Avertissement préalable, cette exposition peut choquer, ébahir ou bien rebuter. Gilles Barbier est un artiste plein d’humour, d’intelligence et d’habileté. Il est né en 1965, son œuvre est situable au niveau de deux grands sculpteurs-installateurs du XXe, César et Richard Baquié. Son atelier est implanté dans la Friche de la Belle de Mai, ses plus récentes expositions furent programmées à Bruxelles, Rodez et Nantes. Claire Durand-Ruel, Antoine de Galbert, les Frac et les musées figurent parmi ses collectionneurs. Un parcours en ville complète son exposition, chez Didier Webre, 4 rue Bonneterie, chez Bernard Plasse 37 rue Sylvabelle jusqu’au 4 avril et chez Digitale, 11 avenue de Mazargues. Le MAC présente « Naufrages » et « Les anges désarticulés ».
Pas besoin de se prendre la tête pour appréhender les déplacements, les émotions difficilement formulables que ces pièces suscitent. Nanti d’une barboteuse et d’un nœud papillon, un peintre voudrait crâner en face de son chevalet, des couleurs hideuses dégoulinent autour de lui. Une tête et des pieds en gruyère sont criblés de trous. Du goudron et des plumes figent l’ultime pavane, les tongues d’un troisième figurant.

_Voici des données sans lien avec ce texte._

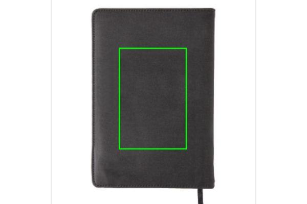 Päällystetty PU-muistikirja, jossa etutasku puhelimelle (14x10cm), tasku kynälle ja päätasku esimerkiksi varavirtalähteelle tai käyntikorteille. Musta sivunjakaja ja 160 sivua 80g/m2. A5 lehtiö kansien sisällä vaihdettavissa.
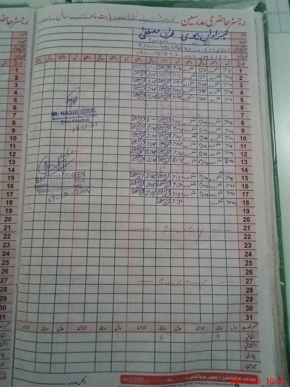 | CNIC | Full Name | Designation | R/C | Absence During Last Calender Month |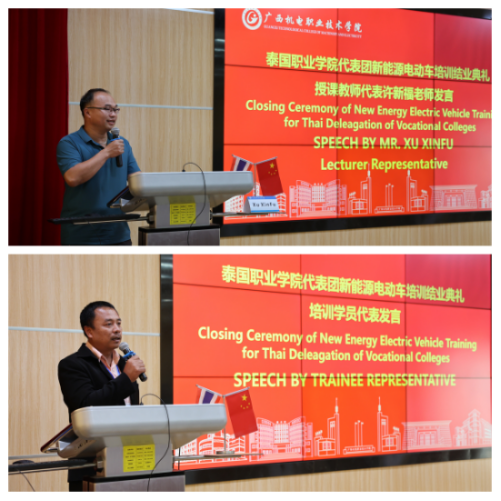 授课教师许新福及培训班学员代表分别作了发言,许新福鼓励学员们在未来的学习和工作中继续努力,不断追求卓越。学员代表在发言中表达了对学校和老师的感激之情,并表示将把所学知识和技能运用到实际工作中,努力为泰国新能源电动车技术的发展贡献自己的力量。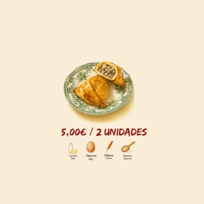Empanada tradicional relleno de carne ternera, horneado hasta lograr una masa crujiente y un relleno jugoso.
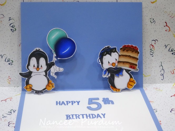 Since it was my grandson’s birthday card, I wanted to add a surprise to the inside of the card for when he opened it. I added the two remaining penguins to the inside so that when he opened the card they popped up.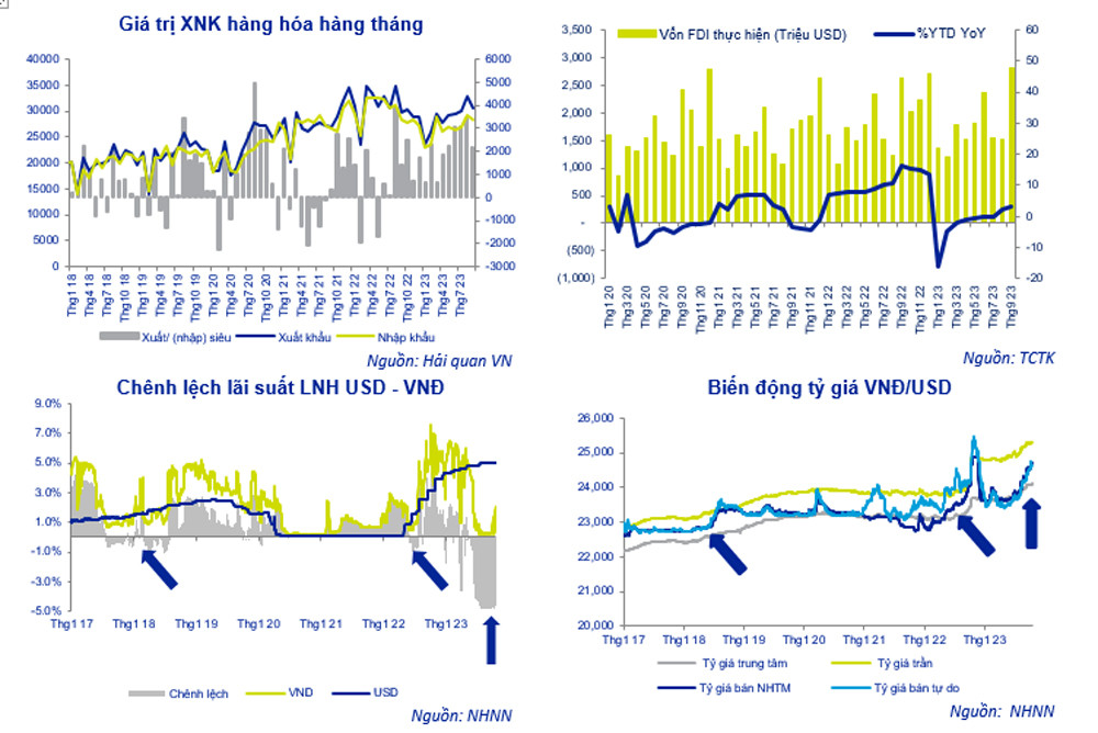 Cụ thể, theo báo cáo của Tổng cục Thống kê, trong 9 tháng đầu năm 2023, hoạt động xuất nhập khẩu hàng hóa thặng dư 21,6 tỷ USD; dịch vụ thâm hụt 6,7 tỷ USD; vốn FDI giải ngân 15,9 tỷ USD; lượng kiều hối 9-10 tỷ USD.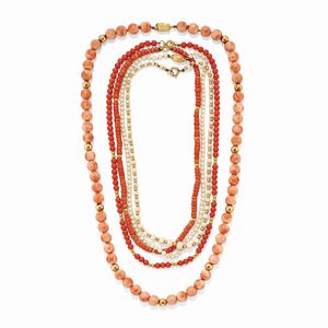 in oro giallo 18k, 14k e metallo dorato, Peso g 109,60 cm 34,00-36,00-38,00-42,00-60,00 composto da cinque collane [..]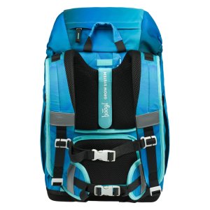 • Ergonomicky tvarovaná záda doplňují plně nastavitelné ramenní popruhy s prodyšným polstrováním, odnímatelný bederní pás a hrudní popruh, které zaručují maximální komfort, stabilitu a správné rozložení zátěže na dětských zádech.

Tout ceci, c’est à la fois de l’obstination et du premier degré plus ou moins bancal. Puisqu’il s’agit des moulages du visage de l’artiste dont le grotesque et la dérision se renouvellent constamment, la tendresse et la compassion sont incontrôlables.

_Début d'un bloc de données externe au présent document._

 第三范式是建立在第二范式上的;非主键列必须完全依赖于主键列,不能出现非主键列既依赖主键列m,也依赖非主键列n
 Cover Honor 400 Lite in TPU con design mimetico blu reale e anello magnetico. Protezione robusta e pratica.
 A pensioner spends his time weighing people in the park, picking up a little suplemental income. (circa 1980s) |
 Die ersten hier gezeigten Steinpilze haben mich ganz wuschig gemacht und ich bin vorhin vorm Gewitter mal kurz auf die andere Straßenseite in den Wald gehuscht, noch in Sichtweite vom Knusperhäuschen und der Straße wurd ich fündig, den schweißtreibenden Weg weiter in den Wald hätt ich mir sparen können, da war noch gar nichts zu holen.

En mi-parcours, en face des fac-similés de ce qu’on voit sur une table, les apprêts d’un festin et le frigidaire du boucher, la saturation est à son comble. Les gestes et la distance du montreur apparaissent impeccables ou bien impardonnables, c’est selon. La froideur et la précision du chirurgien ont sculpté la barbaque des quartiers de viande rouge désossée. La découpe et la finition jusqu’auboutiste furent intenses. La bidoche, les glacis des saucisses persillées, la dégringolade des têtes de veaux pansus, le crâne fendu du cochon et les pâtés en croûtes peuvent procurer selon l’humeur du moment gêne, admiration béate ou bien écœurement.

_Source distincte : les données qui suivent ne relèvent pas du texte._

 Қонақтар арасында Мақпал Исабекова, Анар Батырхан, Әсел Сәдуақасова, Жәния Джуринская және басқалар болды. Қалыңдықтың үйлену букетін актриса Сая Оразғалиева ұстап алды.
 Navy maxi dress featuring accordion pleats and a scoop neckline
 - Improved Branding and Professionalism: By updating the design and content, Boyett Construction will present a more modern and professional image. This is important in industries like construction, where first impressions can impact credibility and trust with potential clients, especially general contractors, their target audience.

Ces œuvres ne se contentent pas de décrire et de dénoncer les marchandises, la noirceur et la cruauté du monde. Ce qui violente leur apparition, c’est aussi la crasse de la bêtise, l’immaturité des humains et leur manque de solidarité. Pas plus qu’une farce indigeste, « ceci n’est pas une performance » : nos corps et nos regards sont tous ensemble embarqués.
Regards de Provence, jusqu’au 27 septembre.